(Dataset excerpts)
*** Begin section ***
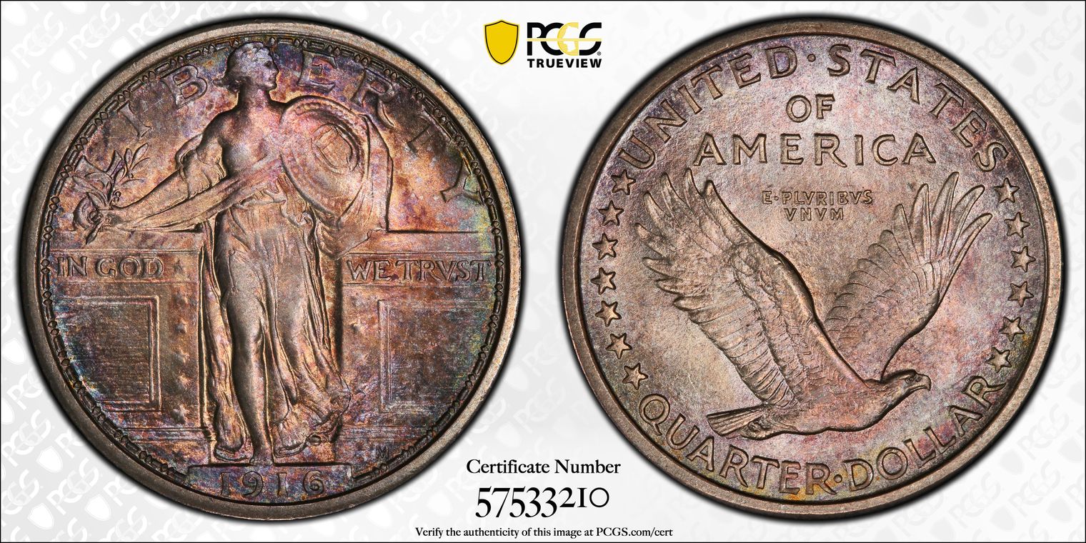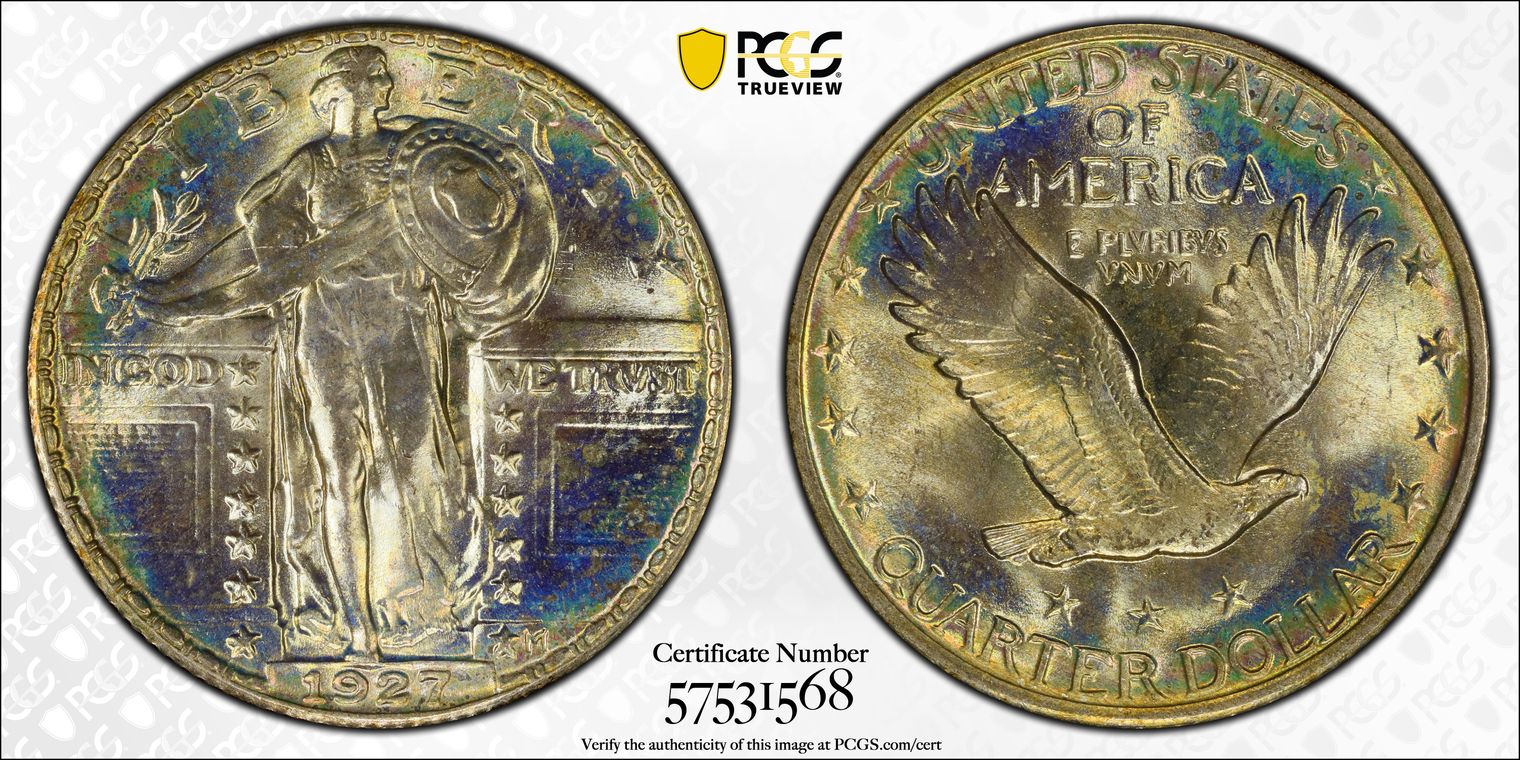 CAC. Ex. Simpson, Simper Fi. Per cataloger, "The San Francisco issue is the scarcest 1917 Type One Standing Liberty quarter in high grade Full Head. This Superb Gem example is conditionally rare, and no higher-grade pieces are listed. It is beautifully preserved and sharply struck with rich satin luster. Vivid multicolor toning is every bit as spectacular as the grade, covering each side in concentric rings of color. A loupe fails to reveal distracting abrasions. Population: 21 in 67 (3 in 67+) Full Head, 0 finer. CAC: 4 in 67, 0 finer (8/20)." Obtained from GreatCollections Auction of the Simper Fi Collection on July 31, 2022, Lot 1166909.
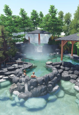 Đặc biệt, khu dịch vụ suối khoáng nóng onsen được vận hành theo mô hình onsen Nhật Bản, sử dụng từ nguồn suối khoáng nóng Mỹ An với nhiều khoáng chất, đặc trưng là hàm lượng lưu huỳnh, tác dụng trong phục hồi chức năng, tăng cường sức khỏe, chống lão hóa, chữa bệnh và làm đẹp da.
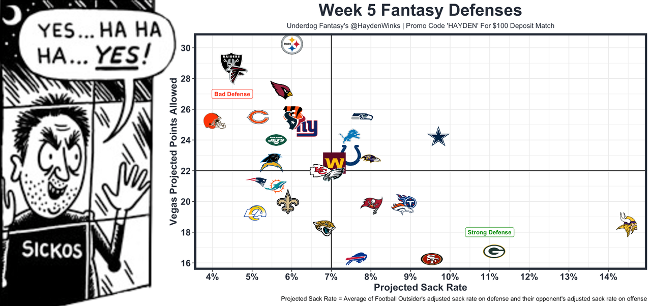 The defenses of the week are the Vikings, Packers, 49ers, and Bills, with the Titans, Broncos, Bucs, Jaguars, and Cowboys all in play, too.
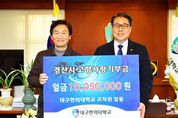 뉴한국방송뉴스통신사 신유철기자 기자 | 경산시는 12일 대구한의대학교 변창훈 총장과 교직원들이 십시일반하여 모은 1,005만 원의 고향사랑기부금을 경산시에 전달했다고 밝혔다. 연말을 맞아 고향사랑기부제에 대한 폭발적인 관심이 이어지고 있는 가운데 대구한의대학교의 교직원들은 지난해에 이어 올해도 경산시에 꾸준히 기부를 이어가고 있다. 변창훈 총장은 “지역의 발전을 응원하는 마음으로 교직원들과 함께 고이 모은 고향사랑기부금을 전달하는 뜻깊은 자리에 함께하게 되어 영광이다”고 하며, 앞으로도 지역사회에 계속 힘을 보탤 것을 약속했다. 조현일 시장은 “경산에 대한 한결같은 마음을 고향사랑기부금으로 표현해 주신 데 대하여 깊은 감사를 드린다. 대구한의대학교의 발전도 함께 응원한다”고 답했다. 한편, 경산시는 25일까지 10만 원 이상 기부자를 대상으로 100명을 추첨해 배민앱 이용권(2만원권 50매), 커피쿠폰(1만원권 50매)을 지급하는 이벤트를 실시하고 있다. 자세한 내용은 경산시 고향사랑기부제 홈페이지'gslove.kr'에서 확인할 수 있다. [뉴스출처 : 경상북도 경산시]
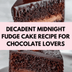 Midnight Fudge Cake is a rich, moist chocolate cake perfect for any celebration or a decadent treat. With its deep chocolate flavor and creamy fudge frosting, this cake promises a delightful experience for chocolate lovers.
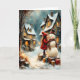 Carte Winterliche Dorfszene mit Mädchen und Schneemann
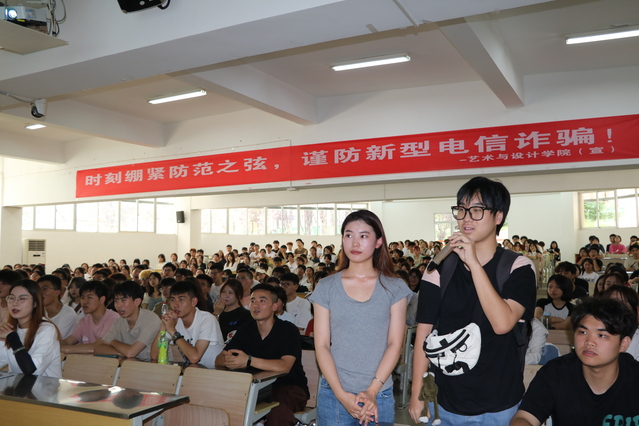 首先,民警通过防诈视频和互动问答的形式图文并貌地展示了我国各年龄段受诈骗的普遍程度,通过真实案例深入讲解了裸聊、快递赔付、网络交易等相关诈骗类型和途经,让新生们全方面深入了解当下的诈骗手段,拓展了新生们对于防范诈骗的认识,提高防诈意识。
*** End section ***
* _Exercise brief_:
Beginning with the line that contains "Carte Winterliche Dorfszene" and ending with the final line of the entries, every line must be copied exactly; the pictures must not.

* _Exercise response_:
 Carte Winterliche Dorfszene mit Mädchen und Schneemann
 首先,民警通过防诈视频和互动问答的形式图文并貌地展示了我国各年龄段受诈骗的普遍程度,通过真实案例深入讲解了裸聊、快递赔付、网络交易等相关诈骗类型和途经,让新生们全方面深入了解当下的诈骗手段,拓展了新生们对于防范诈骗的认识,提高防诈意识。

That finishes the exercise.